Interesting that Weave tries to solve Mergiref's shortcomings (also Tree-sitter based):
> git merges lines. mergiraf merges tree nodes. weave merges entities. [1]
I've been using mergiraf for ~6 months and tried to use it to resolve a conflict from multiple Claude instances editing a large bash script. Sadly neither support bash out of the box, which makes me suspect that classic merge is better in this/some cases...
Will try adding the bash grammar to mergiraf or weave next time
[1] https://ataraxy-labs.github.io/weave/
Hey, author here. This comparison came up a lot when weave went viral on X (https://x.com/rs545837/status/2021020365376671820).
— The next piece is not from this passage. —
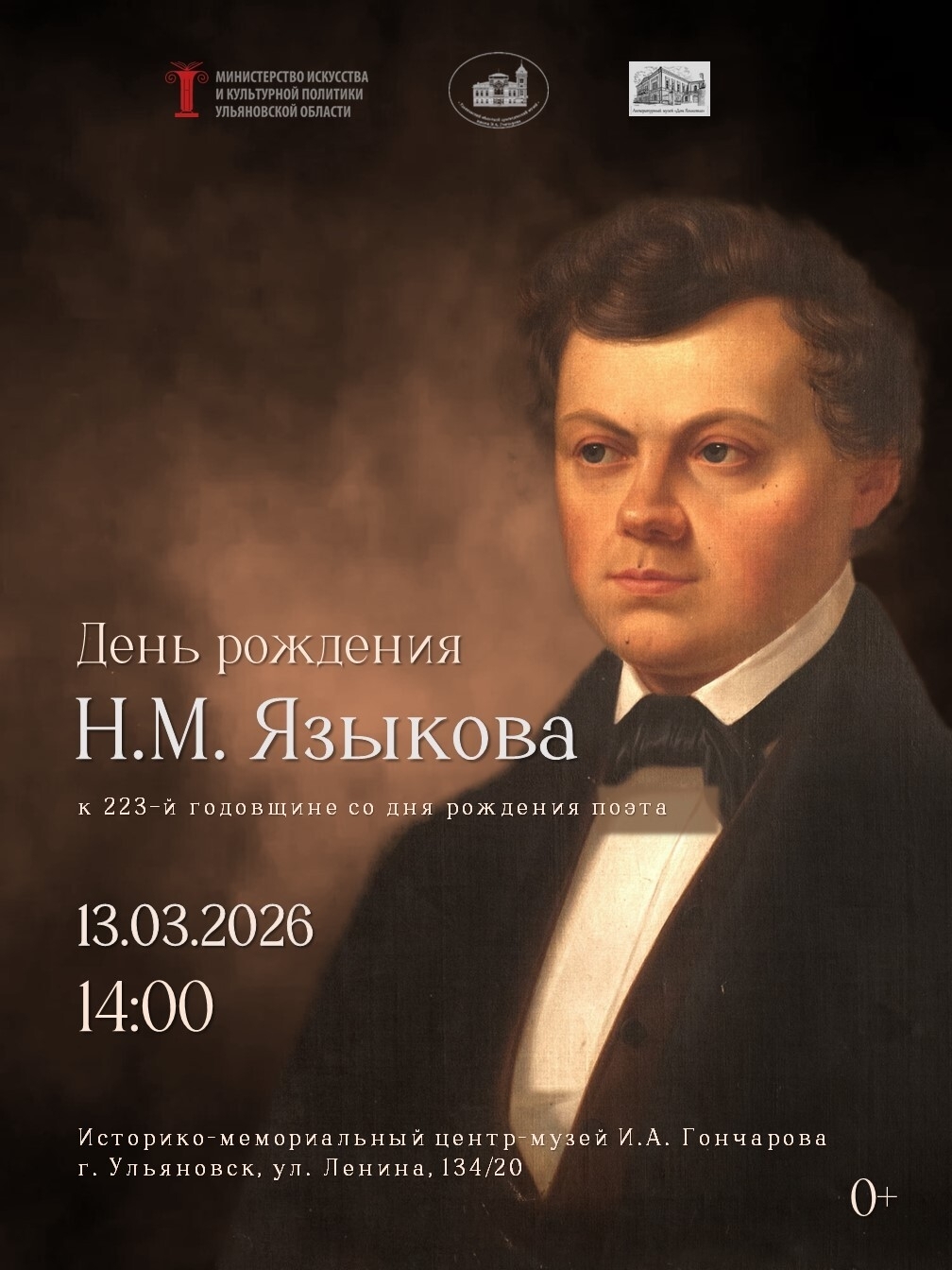13 марта в 14:00 в Историко-мемориальном центре-музее И.А. Гончарова состоится праздничное мероприятие, посвященное 223-й годовщине со дня рождения поэта-симбирянина Н.М. Языкова (1803-1846), чье творчество по праву занимает место в золотом фонде русской лирики XIX века.

The key difference: mergiraf matches individual AST nodes (GumTree + PCS triples). Weave matches entities (functions, classes, methods) as whole units. Simpler, faster, and conflicts are readable ("conflict in validate_token" instead of a tree of node triples).
The other big gap: weave ships as an MCP server with 14 tools for agent coordination. Agents can claim entities before editing and detect conflicts before they merge. That's the piece mergiraf doesn't have.
On bash: weave falls back to line-level for unsupported languages, so it'll work as well as git does there.
Adding a bash tree-sitter grammar would unlock entity-level merge for it. But I can work on it tonight, if you want it urgently.
Cheers,
Very cool, would love to see Ruby support added.
Thanks for the request, our team is already working on it, and infact we were going to ship ruby tonight!
Cheers,
Website: https://ataraxy-labs.github.io/weave/
I haven't tried it but this sounds like it would be really valuable to me.
Haha, thanks for the feedback, yeah multi agent workflows were especially kept in mind when designing this! So I hope it helps, I am always here for feedback and feature requests.
Are agents any good with it?
Yes I designed it for agents especially, there's also weave mcp that I built that you can checkout.
The good part is that this research extends really good for code review because tracking entities is more semantically rich than lines.